Unfortunately, I got into an argument with my husband this morning; I woke up "on the wrong side of the bed" and was cranky and looking for a fight. Also unfortunately, however, my husband "took the bait" and we got into it over nothing at all. I completely accept that I was in a bad mood upon awakening and should have simply stayed out of the way for a bit until my mood shifted. Perhaps I had a bad dream that I don't recall, but I do remember being woken up by my son and feeling out of sorts, draggy and groggy.

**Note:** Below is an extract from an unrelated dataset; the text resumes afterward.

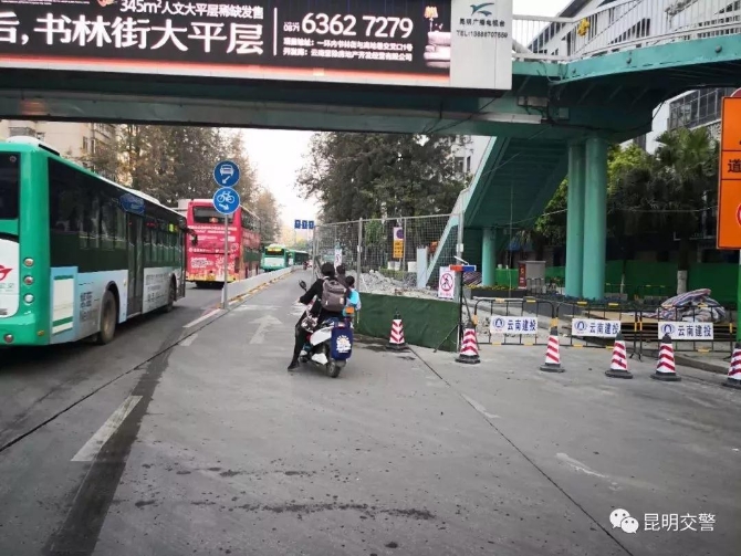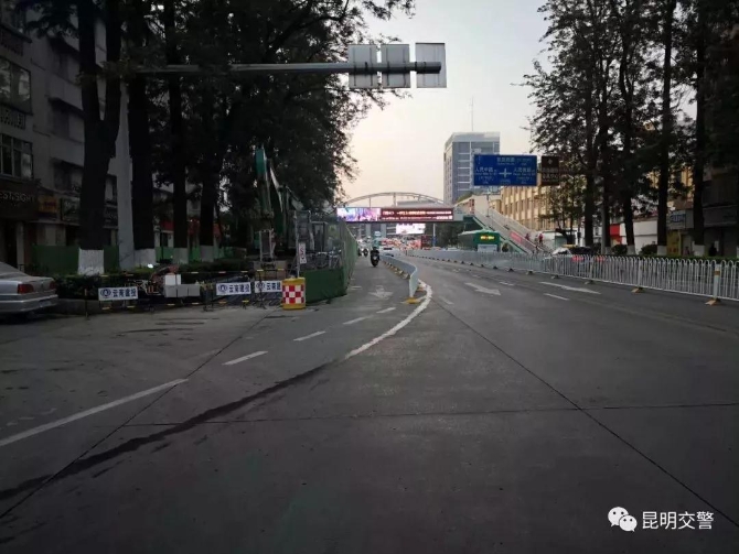昆明交警提示:期間,行人過街可以從翠湖南路口人行天橋或從昆師路與建設路交叉口通行。請由翠湖南路右轉進入東風西路、由白云巷右轉進入東風西路的機動車輛及非機動車駕駛人注意避讓。請行經上述圍擋施工路段的出行市民、機動車輛及非機動車駕駛人注意觀察交通標志,安全出行。

Let this be a lesson to me:
learn how to not get in people's faces when feeling shitty! Back off instead. It's my eldest son's 6th birthday today and I want him to have a wonderful day, and being pissy over stupid crap will not a great day make. As I mentioned in a prior post, I am doing The Work and last night was thinking "I feel so great, I have nobody to judge". I didn't even want to fill out the worksheet!! And now look at me. HA! Just when you think you've progressed emotionally, something happens to smack you back on your ass and you think WOW! I guess I DO have a lot of work to do!!!!!

I will post about my Day 12 tomorrow morning!! Hope everyone is enjoying their mind-expanding raw journey.

Day 10: 1/3rd of the way there....

Saturday, July 19, 2008

Note: day 10 was yesterday: I am day behind--sorry bout that!!!

Another great day yesterday, ate some of my rawbakery.com granola and fresh almond milk for breakfast. Notwithstanding the explosion that occured when I forgot to close the top of my Blendtec properly (hey, the floor needed cleaning anyway) the breakfast was great. I love the almond milk--so much better than the store bought kind! I also made a smoothie, and for lunch I had a salad with hemp seeds, tomatoes, greens, a touch of non-raw balsamic and Udo's Oil, olives, and squash. My boys, who aren't raw but are transitioning to vegan, ate squash for the very first time. I made them a veggie pizza with tomatoes, squash and cheese on a Whole Foods pizza base and they loved it!! This is worlds better than the hot dogs and chicken nuggets they were eating a mere 3 months ago. I definitely know my good eating is rubbing off on them. For dinner I had more salad and lots of blueberries and strawberries. We went to an evening showing of Space Chimps and yes, it was bad. But the boys really loved it and it's rare we take them to an evening showing as their bedtime is 7:30, so they were thrilled with the idea of getting to "stay up late". Of course, they could barely keep their eyes open towards the end!

Tomorrow is my 4 mile race and I am so excited for it. It will be my first race in years, and my first race while raw..Wish me luck!!!!!